Venous blood samples were obtained before primary PCI at admission. White blood count (WBC) and differential counts were measured. Total WBC, neutrophils, monocytes and lymphocytes were measured using a Sysmex K-1000 (Block Scientific, Bohemia, New York, USA) autoanalyzer within five minutes of sampling. Plasma triglyceride, low-density lipoprotein, high-density lipoprotein, glucose, uric acid, and creatinine concentrations were measured with an automated chemistry analyzer (Abbott Aeroset, Minnesota, USA) using commercial kits (Abbott). Creatine kinase MB (CK-MB) activity was measured with an assay that used two monoclonal antibodies (CK-MB STAT) on an Elecsys 2010 analyzer (Roche Diagnostics, Basel, Switzerland) by electrochemiluminescence immunoassay. The glomerular filtration rate (GFR) was estimated using the Cockroft-Gault formula. Blood samples for D-dimer analysis were obtained during the initial assessment of patients in the emergency department.

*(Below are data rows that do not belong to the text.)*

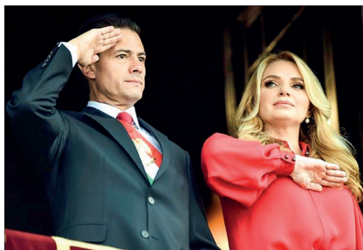
Enrique Pena Nieto and his wife, soap opera star Angelica Rivera married in 2010.

MEXICO'S Attorney General's Office said Tuesday that it was investigating former president Enrique Pena Nieto for suspect-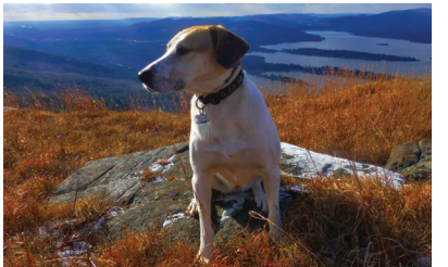
Doghiker with Alan Via Page 3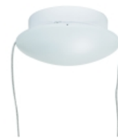
Kable Lite Surface Transformer-300W Mag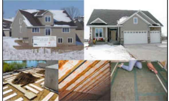
Earth Storage Radiant Ceiling Warm Floors Energy House III In Elk River, MN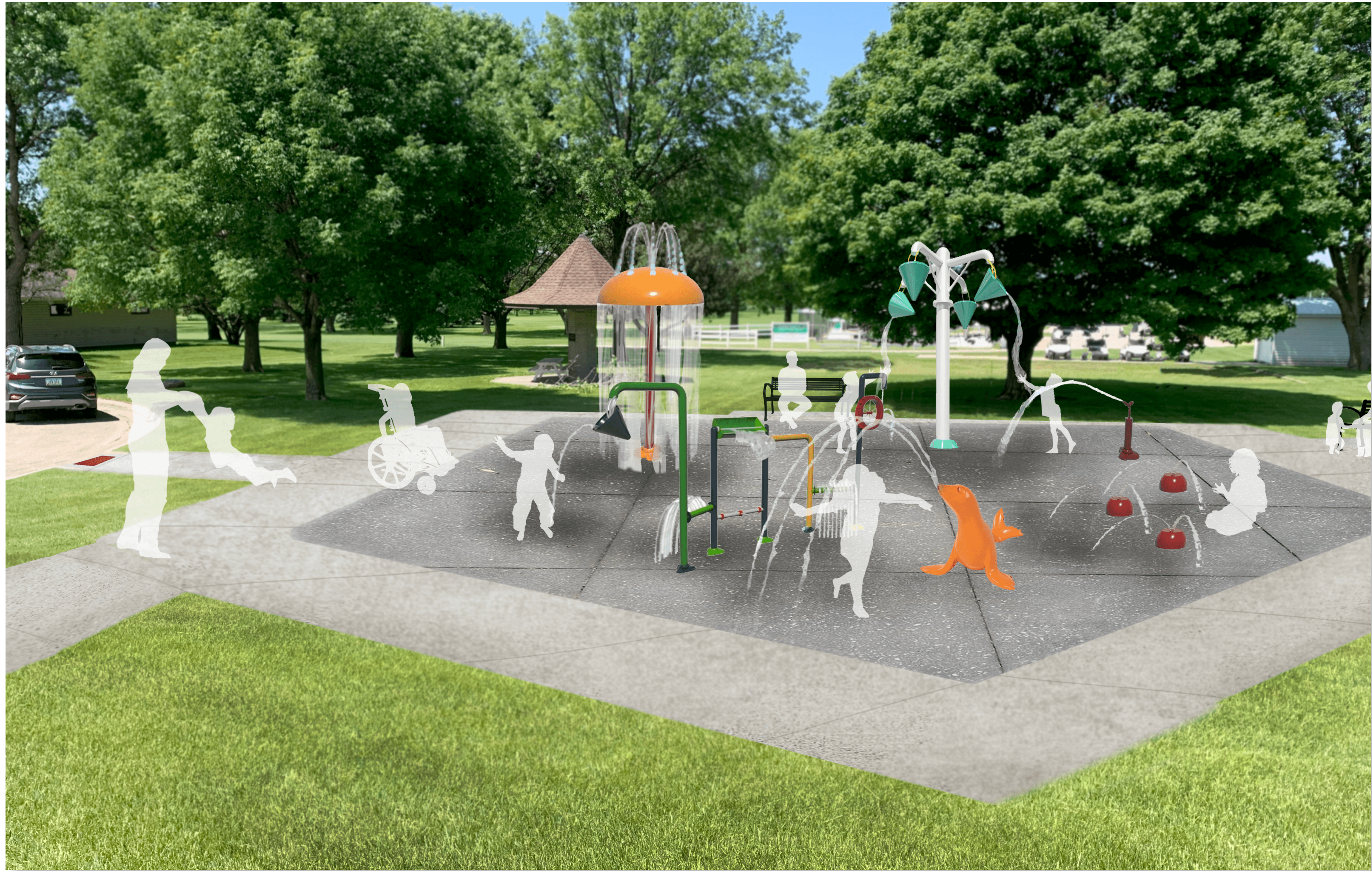
Proposed concept for a splash pad, includes benches and ADA accessible routes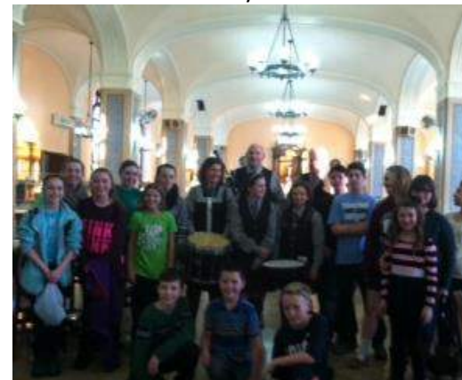
Junior Boys and Girls visiting with the Sisters at St. Joseph's Convent.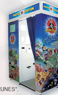
GP LOONEY TUNES*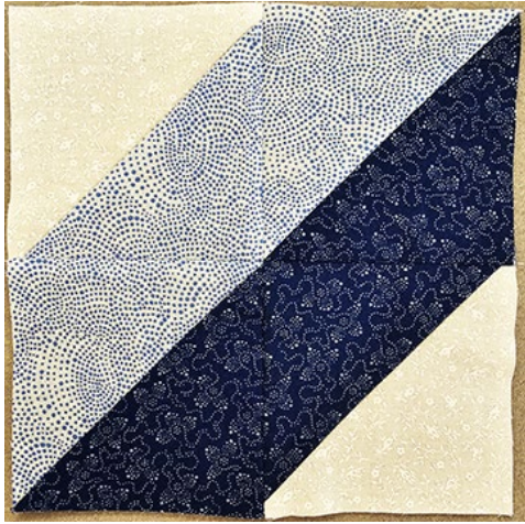
Sew the blocks together to make a Diagonal Stripe Block.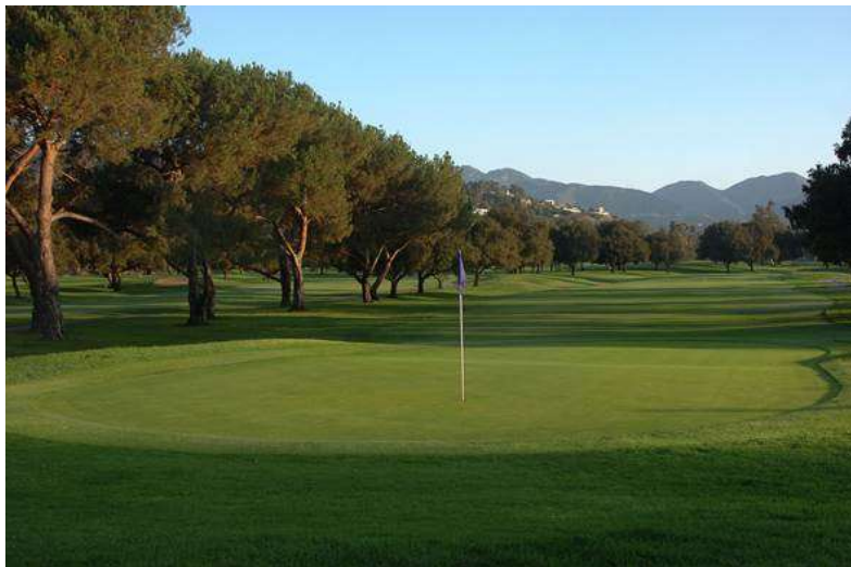
Brookside Golf Course - 1133 N. Rosemont Ave.

DESCRIPTION: This project provides for fairway and golf course improvements at Brookside Golf Course.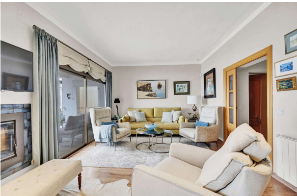
Frontline apartment for sale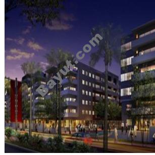
Exterior View 3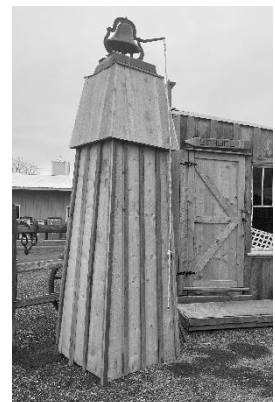
Completed school bell tower ready to call the children to classes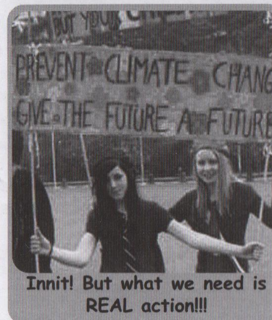
Innit! But what we need is REAL action!!!

less than 1% of profits on renewable energy. As the planet is getting hot & furious, so must the resistance! Action must be taken for finding alternative ways of living, & action must be taken against climate killers. A camp against climate change is happening in the North of England on 26th August to 4th September with the aim of bringing together people campaigning against the many industries that are at the root causes of climate change & people promoting practical, human-scale solutions. More info: www.climatecamp.org.uk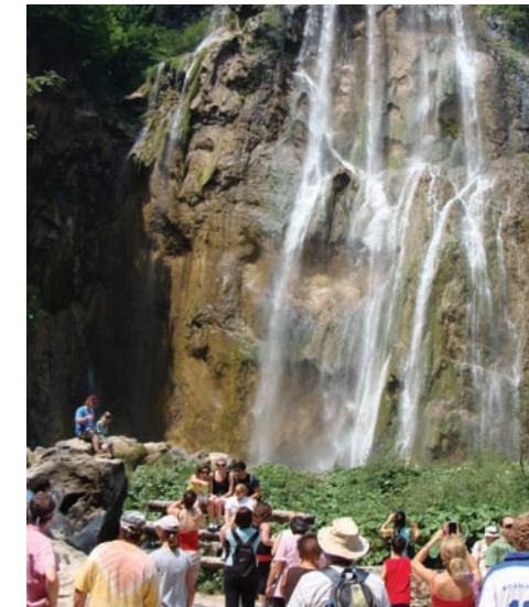
Waterfalls at Plitvice Lakes National Park

Please follow the Application Requirements listed on the previous page.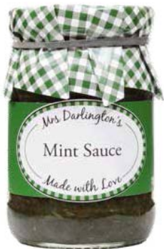
Mint Sauce a must for pouring over lamb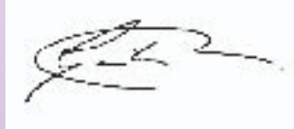
President and Chief Executive Officer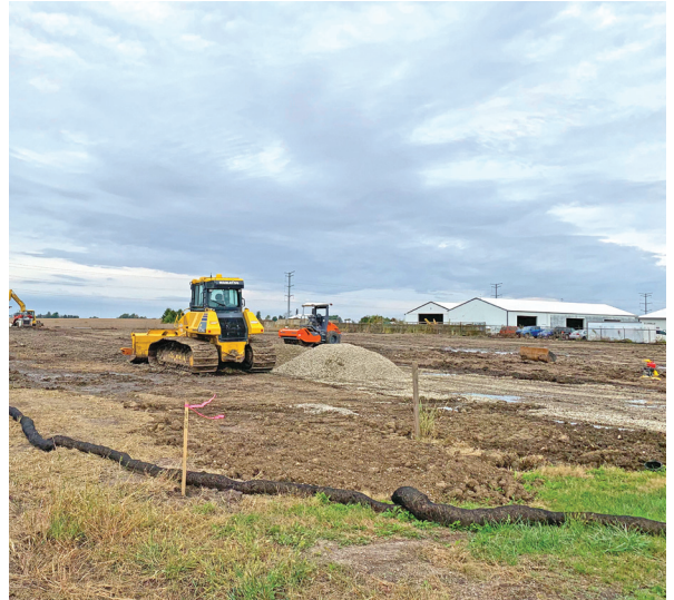
Our new southwest Champaign substation is a prototype that will serve as a design model for future substation construction throughout the Ameren Illinois service territory.

When this substation goes into service next spring, we'll have the capability to reroute power from other substations in the area to reduce the duration of outages and meet demand for reliable energy in the Champaign region.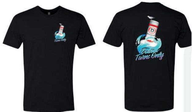
BOTTOM TURNS ONLY TEE

The D-dimer test is a particle enhanced immuno-turbidimetric test. The test is based on fixed time determination of the D-dimer concentration using photometric measurement of the antigen-antibody-reaction between antibodies against D-dimer bound to particles and D-dimer present in the sample. During plasma coagulation soluble fibrin is generated by the influence of thrombin on fibrinogen. Soluble fibrin is cross-linked to vessel walls by factor XIIIa. When splitting this cross-linked fibrin characteristic products called D-dimers are released.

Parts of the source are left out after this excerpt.